University of Cape Town
- The African Institute of Financial Markets and Risk Management at the University of Cape Town invites applications for tenure track positions at the Senior Lecturer (equivalent to an Assistant Professor) and Associate Professor level. We are looking for academics who strive for excellence in research and teaching. We particularly encourage applications from candidates with a background in quantitative finance, computational finance, financial risk management, and financial economics. More information can be found on UCT's vacancy website. Deadline is 6 December 2015.
- I have an opening for two PhD students in my group at the University of Cape Town. I am looking for students with an interest in social network analysis, agent-based modelling, computational finance, and empirical banking. More detailed information can be found here. Deadline is 15 December 2015, but late applications might be considered until both positions are filled.
- Deutsche Bundesbank has two job openings for Economists/Senior Economists within the Research Center. Preference will be given to candidates working in the areas of empirical banking, asset pricing and financial stability; however, excellent candidates working in other areas of economics are also encouraged to apply.
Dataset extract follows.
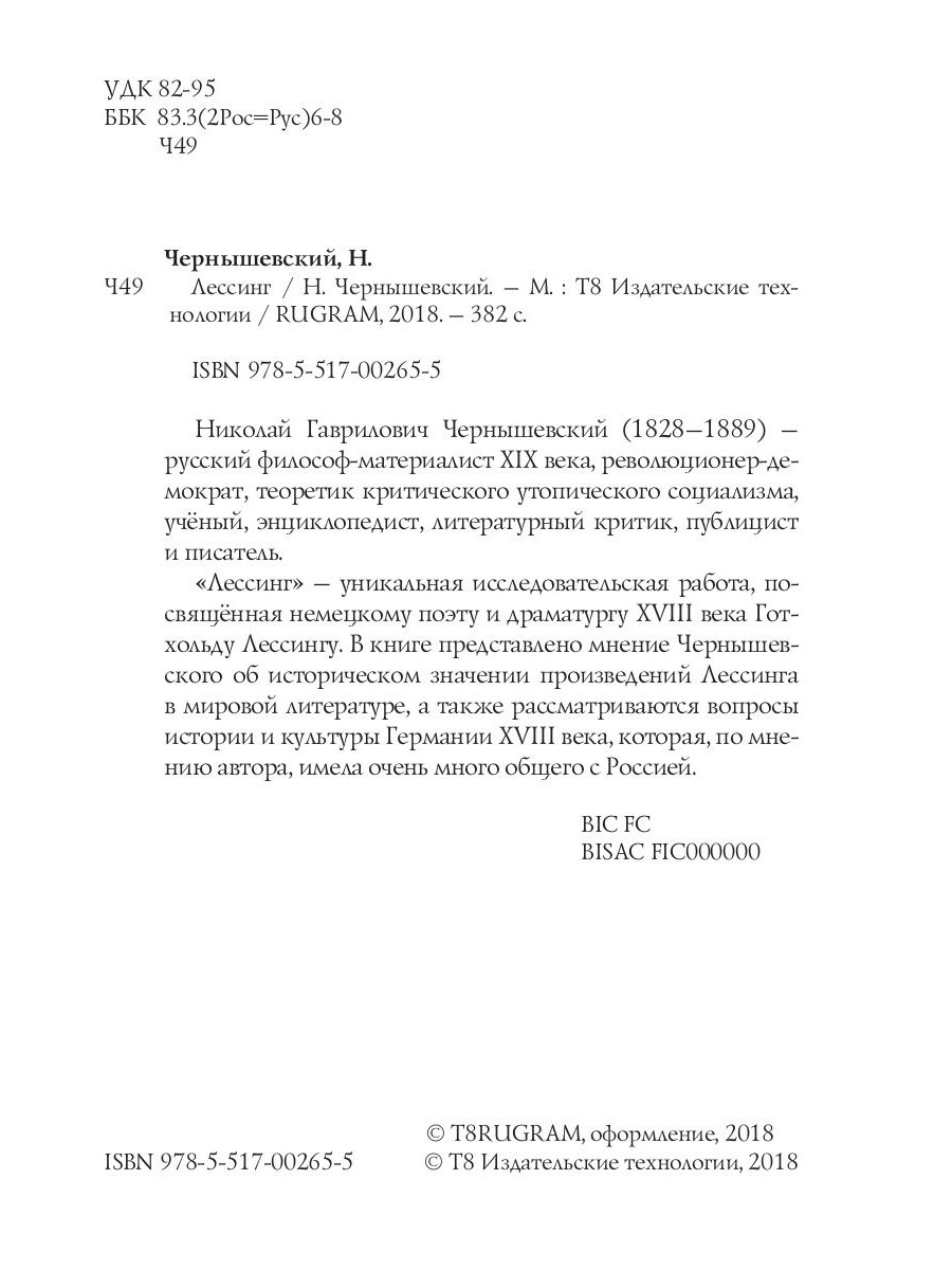 Николай Гаврилович Чернышевский (1828-1889) - русский философ-материалист XIX века, революционер-демократ, теоретик критического утопического социализма, учёный, энциклопедист, литературный критик, публицист и писатель. «Лессинг» - уникальная исследовательская работа, посвященная немецкому поэту и драматургу XVIII века Готхольду Лессингу. В книге представлено мнение Чернышевского об историческом значении произведений Лессинга в мировой литературе, а также рассматриваются вопросы истории и культуры Германии XVIII века, которая, по мнению автора, имела очень много общего с Россией.| Издательство | Т8 RUGRAM |

More information can be found here.
- July 2014.
"Contagious Synchronization and Endogenous Network Formation in Financial Networks" (with Christoph Aymanns, Oxford), Journal of Banking and Finance (forthcoming). [abstract] [paper] [video (starts at ~20min)]
When banks choose similar investment strategies the financial system becomes vulnerable to common shocks. We model a simple financial system in which banks decide about their investment strategy based on a private belief about the state of the world and a social belief formed from observing the actions of peers. Observing a larger group of peers conveys more information and thus leads to a stronger social belief. Extending the standard model of Bayesian updating in social networks, we show that the probability that banks synchronize their investment strategy on a state non-matching action critically depends on the weighting between private and social belief. This effect is alleviated when banks choose their peers endogenously in a network formation process, internalizing the externalities arising from social learning.
- February 2013.
"The Effect of Interbank Network Structure on Contagion and Common Shocks", Journal of Banking and Finance 37(7) (2013). [abstract] [latest version]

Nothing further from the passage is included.